The performance tests are against a dataset of a million rows, generated from sys.all_objects.
These are the performance test results from my development machine, a Windows 7 desktop with a 4-core Skylake CPU and 32GB of RAM.
Each test is run 10 times, and you're seeing the average runtime. You can also look at the raw data if you're interested.
Test Category | Simple | Complex | Null |
---|---|---|---|
Baseline | 0.49 | 0.62 | N/A |
Match | 9.01 | 12.57 | 5.33 |
GroupMatch | 17.54 | 20.79 | |
Matches | 28.09 | 22.14 | |
Replace | 22.96 | 21.10 | |
Split | 28.00 | 23.84 |
Analysis
The SQL CLR functions are slow. Even calling the simplest function with a null value, RegexMatch(), takes ~10 times longer than the baseline query, 5 seconds vs .5 seconds.
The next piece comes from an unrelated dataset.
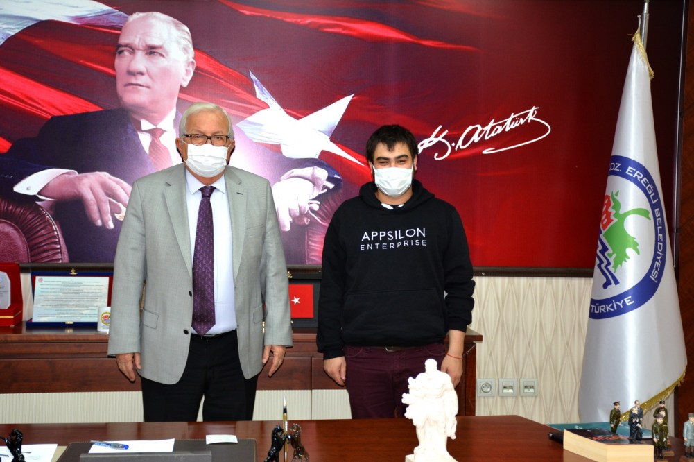 Başkan Posbıyık, başarısından dolayı daha önce bir mektup yazarak kutladığı genç girişimciyi bir kez daha tebrik ederek Ereğlili gençlerin ulusal ve uluslararası başarılarından gurur duyduğunu belirtti.

Relatively simple regular expressions are slow.
I noticed that one of the cores on my computer was consistently pegged at 100%, suggesting that the limitation was CPU. That makes sense; both the CLR and regular expressions are relatively CPU heavy.
Update, 2017-01-21 - Using static methods in the Regex() class boosts performance, up to 35% in some cases.
There are 6 perf test scripts, one per function, plus a 'baseline' script.
Test Setup
To run these tests, you'll need to have sql-server-regex installed onto a SQL Server database.
Running a Test
- Open a SQL file for a test (for example, 'perf-test-match.sql')
- The top of the script has the runtime on my development machine (a desktop with a 4-core Skylake CPU and 16GB RAM).
- Run the script
- Each test should run 10 times, and return the runtime of each.
- If any of the tests error, then something is broken/failing.